The event had not cured him of hope for his old student. He remembered the look on the young Kardus’s face whenever he arrived at the inn with another scroll. How he loved that eagerness.
He remembered introducing Kardus to his friends.
He remembered introducing Kardus to Portia.
Polonus watched the twitching Kardus. That was the one thing he wished with all his heart he hadn’t done. Antenor had warned him, and he did not listen. For by then, things had changed with Kardus.
The schoolboy became a young man, and the young man grew . . . tiresome. He was brilliant, and he knew it. He was bloated with his gifts. He had a startling acumen for battle strategies and tactics; he could pick up an entire language in the time it took Polonus to read a book. At the age of twenty, he was fluent in Greek, Latin, at least one form of Persian, and Parthian.
Was it his own fault Kardus ended up the way he did?

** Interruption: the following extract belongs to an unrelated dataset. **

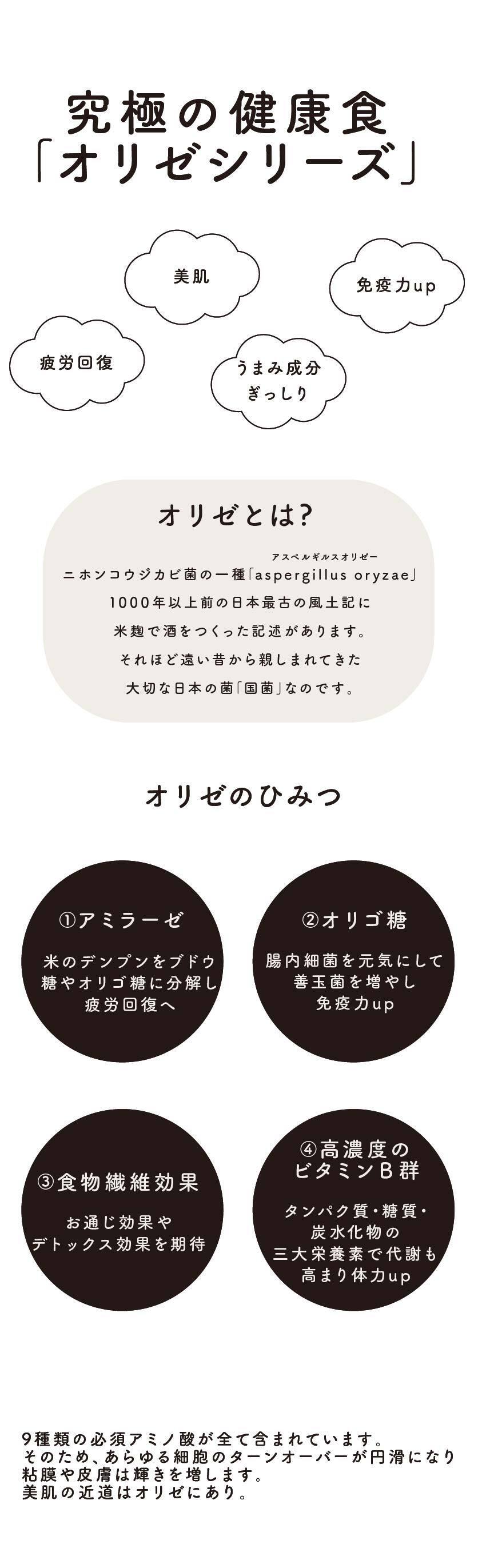この活動の中で「健康にも配慮した食選び」だけではなく、並行して「腸内環境を整えると、あなたは健康」という視点も必須 と感じ、そのために有効な発酵食品オリゼシリーズを開発しました。

In the beginning, Polonus had to work against the negative forces at the inn, the boy’s mother in particular. She was a viciously strange woman, furious with Kardus for learning from Polonus, malevolent with the father for allowing it. The child had a nervous habit then, always blinking his wide eyes, except when he forgot himself in the salvation of education. The blinking never failed to go away then, and Polonus knew he had to handle this child carefully. He was careful to praise him lavishly for any accomplishment, careful to employ positive forces to counter all the negative forces that had borne down on the child ever since that shrew gave birth to him.